Read example of past leaks online HERE.
What is done today? The book on Hadoop Security (online HERE) has 340 pages… Do you need to know more?
What really should be done? All configurations should be checked by a non-human eye. Period. This beast is far too complex.
Distributed file systems
Computers break. Did you ever lose files because of one computer failing, and backups were not a thing? What if the amount of data you are handling is so large that backups alone are not feasible any more? This is where distributed file systems like Hadoop shine. Setting up Hadoop is easy, securing it is not. Plus, there are more than five different ways to set up a Hadoop cluster, and each one of the ways may add nuances to securing it. Furthermore, one misconfiguration, and you are back at the original problem that one of your failed computer nodes was the only node with the data you tried to protect so dearly.
Information as Code (IaC) Tools
Cloud and cloud-like infrastructures are the future. To have resources at our fingertips and create reproducible environments has been a major driver of innovation and productivity in the last years. The good thing about it is: Everyone can obtain and manage compute resources. The bad thing about it is: Everyone can obtain and manage compute resources. People by-pass IT professionals, and with that best practices are by-passed. The most simple problem happens regularly: Someone exposes an internal service online, and people can then gain access to it. Using infrastructure as code (Kubernetes, Terraform, CloudFormation, Ansible, Chef, Puppet,…), managing infrastructure has become something that can be encoded, versioned, and validated pre-deployment.
Today, a large number of different cloud monitoring solutions exist. These are mainly post-deployment, and either agent-based or analyze the state using APIs. For pre-deployment, there are checkers for the surface level of infrastructure as code files. These checkers do simple sanity checks for common known best practices on individual services.

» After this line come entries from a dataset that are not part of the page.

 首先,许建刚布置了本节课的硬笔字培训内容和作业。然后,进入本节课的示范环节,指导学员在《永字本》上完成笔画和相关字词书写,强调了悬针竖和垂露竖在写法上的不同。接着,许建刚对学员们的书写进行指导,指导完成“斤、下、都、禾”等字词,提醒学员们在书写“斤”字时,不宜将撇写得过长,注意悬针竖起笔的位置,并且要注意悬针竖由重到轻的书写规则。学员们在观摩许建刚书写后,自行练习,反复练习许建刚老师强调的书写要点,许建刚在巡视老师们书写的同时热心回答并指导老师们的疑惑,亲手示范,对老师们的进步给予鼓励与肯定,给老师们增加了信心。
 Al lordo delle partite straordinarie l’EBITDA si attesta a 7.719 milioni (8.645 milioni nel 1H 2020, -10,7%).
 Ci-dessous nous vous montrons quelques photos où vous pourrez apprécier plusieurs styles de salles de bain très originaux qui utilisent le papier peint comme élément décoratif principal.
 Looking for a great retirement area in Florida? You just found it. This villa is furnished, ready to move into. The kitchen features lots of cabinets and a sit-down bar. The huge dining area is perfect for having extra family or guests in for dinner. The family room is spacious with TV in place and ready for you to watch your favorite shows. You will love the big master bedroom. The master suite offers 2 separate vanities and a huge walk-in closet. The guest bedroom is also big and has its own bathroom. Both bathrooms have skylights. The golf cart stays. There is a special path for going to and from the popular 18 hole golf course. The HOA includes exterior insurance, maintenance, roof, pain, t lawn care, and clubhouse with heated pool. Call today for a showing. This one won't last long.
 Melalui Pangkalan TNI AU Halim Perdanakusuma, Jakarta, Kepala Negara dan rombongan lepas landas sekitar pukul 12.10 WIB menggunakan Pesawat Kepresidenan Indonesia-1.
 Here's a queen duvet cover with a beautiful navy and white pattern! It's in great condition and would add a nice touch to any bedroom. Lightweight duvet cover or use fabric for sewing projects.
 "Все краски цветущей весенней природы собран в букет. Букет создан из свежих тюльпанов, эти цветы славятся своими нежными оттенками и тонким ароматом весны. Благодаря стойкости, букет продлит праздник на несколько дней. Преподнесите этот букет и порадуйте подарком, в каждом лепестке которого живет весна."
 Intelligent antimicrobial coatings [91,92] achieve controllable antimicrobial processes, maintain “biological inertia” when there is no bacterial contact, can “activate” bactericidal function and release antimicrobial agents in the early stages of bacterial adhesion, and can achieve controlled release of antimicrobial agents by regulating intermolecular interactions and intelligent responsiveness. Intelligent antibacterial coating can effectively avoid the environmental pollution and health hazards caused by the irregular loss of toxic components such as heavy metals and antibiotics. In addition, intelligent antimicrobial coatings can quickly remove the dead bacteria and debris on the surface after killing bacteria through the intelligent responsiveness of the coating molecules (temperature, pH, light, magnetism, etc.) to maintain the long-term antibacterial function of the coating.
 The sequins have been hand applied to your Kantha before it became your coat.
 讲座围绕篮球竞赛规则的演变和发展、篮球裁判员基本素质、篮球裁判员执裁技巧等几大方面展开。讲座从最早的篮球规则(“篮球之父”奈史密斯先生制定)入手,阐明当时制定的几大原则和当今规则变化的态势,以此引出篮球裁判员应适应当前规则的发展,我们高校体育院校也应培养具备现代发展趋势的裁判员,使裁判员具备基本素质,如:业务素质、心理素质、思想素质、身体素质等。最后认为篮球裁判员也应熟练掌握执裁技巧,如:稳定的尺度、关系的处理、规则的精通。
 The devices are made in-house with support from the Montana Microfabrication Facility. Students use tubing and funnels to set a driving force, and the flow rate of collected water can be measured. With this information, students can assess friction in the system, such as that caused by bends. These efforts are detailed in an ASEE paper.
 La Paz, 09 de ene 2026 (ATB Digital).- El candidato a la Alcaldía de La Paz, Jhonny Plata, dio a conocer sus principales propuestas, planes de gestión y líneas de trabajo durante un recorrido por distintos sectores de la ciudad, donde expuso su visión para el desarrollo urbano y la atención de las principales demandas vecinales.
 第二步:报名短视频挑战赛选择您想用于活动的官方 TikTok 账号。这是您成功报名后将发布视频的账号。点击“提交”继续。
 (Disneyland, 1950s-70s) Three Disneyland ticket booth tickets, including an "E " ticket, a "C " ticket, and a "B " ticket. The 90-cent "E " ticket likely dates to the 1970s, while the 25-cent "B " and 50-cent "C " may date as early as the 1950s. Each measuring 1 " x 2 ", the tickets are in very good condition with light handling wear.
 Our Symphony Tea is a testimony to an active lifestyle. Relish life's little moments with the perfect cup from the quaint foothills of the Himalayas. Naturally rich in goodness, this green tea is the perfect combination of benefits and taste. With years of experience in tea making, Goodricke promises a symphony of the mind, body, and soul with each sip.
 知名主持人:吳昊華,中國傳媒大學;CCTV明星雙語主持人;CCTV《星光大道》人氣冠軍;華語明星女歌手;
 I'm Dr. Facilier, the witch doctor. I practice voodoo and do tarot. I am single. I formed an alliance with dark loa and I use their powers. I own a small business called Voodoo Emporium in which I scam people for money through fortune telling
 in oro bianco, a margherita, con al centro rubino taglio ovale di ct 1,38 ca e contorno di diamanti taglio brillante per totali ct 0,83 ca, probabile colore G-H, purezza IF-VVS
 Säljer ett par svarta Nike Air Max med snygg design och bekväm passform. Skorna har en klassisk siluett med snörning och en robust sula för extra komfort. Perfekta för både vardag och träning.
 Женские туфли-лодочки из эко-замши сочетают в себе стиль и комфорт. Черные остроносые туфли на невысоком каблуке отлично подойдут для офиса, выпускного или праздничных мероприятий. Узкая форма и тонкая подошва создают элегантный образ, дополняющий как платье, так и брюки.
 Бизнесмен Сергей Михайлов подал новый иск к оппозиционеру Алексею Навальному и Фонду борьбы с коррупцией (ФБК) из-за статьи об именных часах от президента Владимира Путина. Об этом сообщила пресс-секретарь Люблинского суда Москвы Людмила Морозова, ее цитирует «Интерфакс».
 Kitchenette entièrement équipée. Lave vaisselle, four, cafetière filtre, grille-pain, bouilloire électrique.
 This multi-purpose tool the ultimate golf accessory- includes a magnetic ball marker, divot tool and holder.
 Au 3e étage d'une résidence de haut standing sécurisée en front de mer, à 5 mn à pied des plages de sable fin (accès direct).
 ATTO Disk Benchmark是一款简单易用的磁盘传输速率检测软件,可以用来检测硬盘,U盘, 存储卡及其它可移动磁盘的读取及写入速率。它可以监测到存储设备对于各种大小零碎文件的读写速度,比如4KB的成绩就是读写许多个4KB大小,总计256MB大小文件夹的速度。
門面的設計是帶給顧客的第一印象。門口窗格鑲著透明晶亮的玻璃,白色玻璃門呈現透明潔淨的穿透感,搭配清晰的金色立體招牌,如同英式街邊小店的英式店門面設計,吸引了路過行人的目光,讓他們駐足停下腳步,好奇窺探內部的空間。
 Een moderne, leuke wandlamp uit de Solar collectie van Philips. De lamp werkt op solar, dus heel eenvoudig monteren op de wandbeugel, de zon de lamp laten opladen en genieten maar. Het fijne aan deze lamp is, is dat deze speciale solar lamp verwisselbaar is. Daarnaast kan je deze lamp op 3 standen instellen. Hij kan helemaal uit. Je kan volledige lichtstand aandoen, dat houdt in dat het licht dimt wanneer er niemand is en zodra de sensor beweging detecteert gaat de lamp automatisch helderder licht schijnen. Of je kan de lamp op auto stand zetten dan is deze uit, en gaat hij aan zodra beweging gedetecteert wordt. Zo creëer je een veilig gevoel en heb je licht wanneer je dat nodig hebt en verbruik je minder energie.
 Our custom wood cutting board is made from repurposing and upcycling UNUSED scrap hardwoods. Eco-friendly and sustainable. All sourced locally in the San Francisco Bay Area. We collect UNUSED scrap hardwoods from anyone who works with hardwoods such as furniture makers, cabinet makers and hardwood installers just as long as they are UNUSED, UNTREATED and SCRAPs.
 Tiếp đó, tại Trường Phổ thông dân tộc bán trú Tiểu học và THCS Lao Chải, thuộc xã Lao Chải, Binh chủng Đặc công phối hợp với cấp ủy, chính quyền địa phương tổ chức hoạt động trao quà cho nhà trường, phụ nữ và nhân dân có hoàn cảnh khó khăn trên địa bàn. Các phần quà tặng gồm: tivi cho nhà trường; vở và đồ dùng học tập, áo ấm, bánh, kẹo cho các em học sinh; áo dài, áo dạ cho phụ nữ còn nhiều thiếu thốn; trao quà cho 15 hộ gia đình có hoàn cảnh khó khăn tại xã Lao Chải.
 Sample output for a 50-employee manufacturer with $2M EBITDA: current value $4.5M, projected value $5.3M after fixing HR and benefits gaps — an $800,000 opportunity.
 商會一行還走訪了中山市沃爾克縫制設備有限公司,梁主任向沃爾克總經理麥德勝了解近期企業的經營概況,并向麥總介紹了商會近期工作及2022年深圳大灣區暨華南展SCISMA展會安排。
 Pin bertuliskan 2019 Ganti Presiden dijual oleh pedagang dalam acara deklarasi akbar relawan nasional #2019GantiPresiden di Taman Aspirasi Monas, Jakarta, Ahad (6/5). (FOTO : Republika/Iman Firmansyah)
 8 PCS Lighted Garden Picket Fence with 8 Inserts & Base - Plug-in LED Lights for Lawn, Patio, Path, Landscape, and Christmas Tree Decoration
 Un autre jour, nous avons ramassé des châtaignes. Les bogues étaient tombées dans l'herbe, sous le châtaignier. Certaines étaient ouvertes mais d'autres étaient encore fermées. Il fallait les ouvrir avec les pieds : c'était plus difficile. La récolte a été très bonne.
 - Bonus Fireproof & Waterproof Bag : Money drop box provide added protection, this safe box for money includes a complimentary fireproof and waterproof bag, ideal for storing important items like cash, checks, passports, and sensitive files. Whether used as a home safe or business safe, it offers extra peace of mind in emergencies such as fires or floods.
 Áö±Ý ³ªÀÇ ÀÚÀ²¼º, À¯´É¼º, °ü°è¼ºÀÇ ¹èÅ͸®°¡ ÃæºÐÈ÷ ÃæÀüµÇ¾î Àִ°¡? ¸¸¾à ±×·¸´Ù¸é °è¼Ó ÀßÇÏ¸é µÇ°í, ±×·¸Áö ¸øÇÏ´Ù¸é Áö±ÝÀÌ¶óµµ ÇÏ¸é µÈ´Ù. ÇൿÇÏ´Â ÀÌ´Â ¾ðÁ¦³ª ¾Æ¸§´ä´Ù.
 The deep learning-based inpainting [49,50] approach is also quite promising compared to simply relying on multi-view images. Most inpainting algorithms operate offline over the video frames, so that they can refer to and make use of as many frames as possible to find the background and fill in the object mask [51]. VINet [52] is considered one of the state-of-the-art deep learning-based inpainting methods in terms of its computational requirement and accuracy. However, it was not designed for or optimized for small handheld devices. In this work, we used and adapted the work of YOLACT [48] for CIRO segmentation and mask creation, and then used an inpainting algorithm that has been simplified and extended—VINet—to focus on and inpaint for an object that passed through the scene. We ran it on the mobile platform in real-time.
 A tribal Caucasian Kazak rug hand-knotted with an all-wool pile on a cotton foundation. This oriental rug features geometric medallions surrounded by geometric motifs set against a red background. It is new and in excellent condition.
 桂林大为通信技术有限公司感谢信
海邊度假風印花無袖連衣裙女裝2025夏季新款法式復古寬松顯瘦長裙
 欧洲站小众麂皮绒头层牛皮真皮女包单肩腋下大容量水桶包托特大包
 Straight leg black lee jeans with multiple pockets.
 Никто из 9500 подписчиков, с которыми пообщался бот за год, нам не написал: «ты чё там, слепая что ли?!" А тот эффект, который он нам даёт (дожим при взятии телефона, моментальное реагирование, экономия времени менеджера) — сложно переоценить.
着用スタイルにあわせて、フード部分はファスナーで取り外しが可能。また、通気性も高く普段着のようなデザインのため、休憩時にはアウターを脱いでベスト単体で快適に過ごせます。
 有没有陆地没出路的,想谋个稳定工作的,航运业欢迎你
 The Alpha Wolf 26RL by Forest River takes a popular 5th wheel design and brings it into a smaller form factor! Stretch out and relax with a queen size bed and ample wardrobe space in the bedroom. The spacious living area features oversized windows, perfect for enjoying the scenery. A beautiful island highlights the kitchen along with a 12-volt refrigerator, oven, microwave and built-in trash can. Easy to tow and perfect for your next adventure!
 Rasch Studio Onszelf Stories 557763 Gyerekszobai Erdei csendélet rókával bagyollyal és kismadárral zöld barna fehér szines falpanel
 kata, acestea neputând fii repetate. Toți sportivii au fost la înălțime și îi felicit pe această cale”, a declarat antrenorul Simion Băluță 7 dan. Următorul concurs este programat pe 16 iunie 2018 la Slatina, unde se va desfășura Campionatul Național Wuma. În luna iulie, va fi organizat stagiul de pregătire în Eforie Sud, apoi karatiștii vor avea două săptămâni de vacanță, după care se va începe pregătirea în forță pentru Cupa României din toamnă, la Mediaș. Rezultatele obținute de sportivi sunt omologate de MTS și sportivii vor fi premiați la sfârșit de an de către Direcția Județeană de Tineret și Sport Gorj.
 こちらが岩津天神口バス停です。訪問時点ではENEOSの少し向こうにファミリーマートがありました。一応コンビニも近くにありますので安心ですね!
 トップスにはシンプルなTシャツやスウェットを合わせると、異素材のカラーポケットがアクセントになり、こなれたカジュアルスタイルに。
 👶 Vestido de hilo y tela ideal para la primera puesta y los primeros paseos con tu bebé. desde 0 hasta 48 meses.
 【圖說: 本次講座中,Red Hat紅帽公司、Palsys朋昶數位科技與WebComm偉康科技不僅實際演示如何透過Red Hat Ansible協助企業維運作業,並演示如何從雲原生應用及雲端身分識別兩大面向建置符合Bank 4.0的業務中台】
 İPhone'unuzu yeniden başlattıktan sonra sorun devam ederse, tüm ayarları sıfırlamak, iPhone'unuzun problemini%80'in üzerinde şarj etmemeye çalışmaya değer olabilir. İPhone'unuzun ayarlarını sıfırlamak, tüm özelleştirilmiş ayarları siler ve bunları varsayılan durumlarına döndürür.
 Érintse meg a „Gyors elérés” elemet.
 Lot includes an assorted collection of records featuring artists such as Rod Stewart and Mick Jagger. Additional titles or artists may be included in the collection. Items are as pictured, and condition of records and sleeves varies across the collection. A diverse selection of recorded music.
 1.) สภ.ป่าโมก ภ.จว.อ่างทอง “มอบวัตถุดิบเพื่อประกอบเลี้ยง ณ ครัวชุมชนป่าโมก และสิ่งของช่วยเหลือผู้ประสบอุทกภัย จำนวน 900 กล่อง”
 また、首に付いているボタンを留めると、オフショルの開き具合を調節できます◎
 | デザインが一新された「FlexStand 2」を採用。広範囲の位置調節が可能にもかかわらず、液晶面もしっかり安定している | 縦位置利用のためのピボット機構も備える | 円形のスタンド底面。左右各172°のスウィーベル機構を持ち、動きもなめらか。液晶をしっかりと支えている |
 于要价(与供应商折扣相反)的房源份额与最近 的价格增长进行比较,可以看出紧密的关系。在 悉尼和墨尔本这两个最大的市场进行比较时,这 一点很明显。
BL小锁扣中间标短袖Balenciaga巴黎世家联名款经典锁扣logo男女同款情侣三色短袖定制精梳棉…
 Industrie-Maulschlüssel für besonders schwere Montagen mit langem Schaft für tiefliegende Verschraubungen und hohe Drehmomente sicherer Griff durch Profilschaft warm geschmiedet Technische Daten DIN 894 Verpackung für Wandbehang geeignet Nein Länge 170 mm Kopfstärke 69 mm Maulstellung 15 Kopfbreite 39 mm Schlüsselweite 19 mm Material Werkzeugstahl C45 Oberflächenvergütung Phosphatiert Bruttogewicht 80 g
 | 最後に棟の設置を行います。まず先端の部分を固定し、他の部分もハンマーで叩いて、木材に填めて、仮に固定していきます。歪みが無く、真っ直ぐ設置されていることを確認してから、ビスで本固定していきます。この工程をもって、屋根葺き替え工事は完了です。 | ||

The simple checks for parameters are a good starting point, but there is more to the story: Every piece of infrastructure that is deployed has also potentially different services installed inside, and these are configured as well. These configuration files may point to other configurations in the infrastructure, and the connection is not evident. To be able to define policies that span also the interconnection between services is what makes CoGuard unique. In this way, breach-paths can be detected pre-deployment.
Often disregarded as just the intermediary between content and browser, web servers can, if misconfigured, do great harm. Configuring them is an art itself, with many ways to doing things wrong. The most prominent web server based breach is Capital One in 2019, where a misconfigured web application firewall in the Apache web server allowed access to sensitive data.
What is done today? There are benchmarks for most of the web servers today, and people manually check the configurations. HOWEVER: Web server configuration files are almost like full programming languages. It does not suffice to just check if certain parameters are set. One needs to look into different contexts.
Instead, you really should be doing this. Web servers are your front door and your first line of defence. Have configuration checked and track if new configuration recommendations are posted. CoGuard can help you stay on top of this, and allow only minimal access through the page.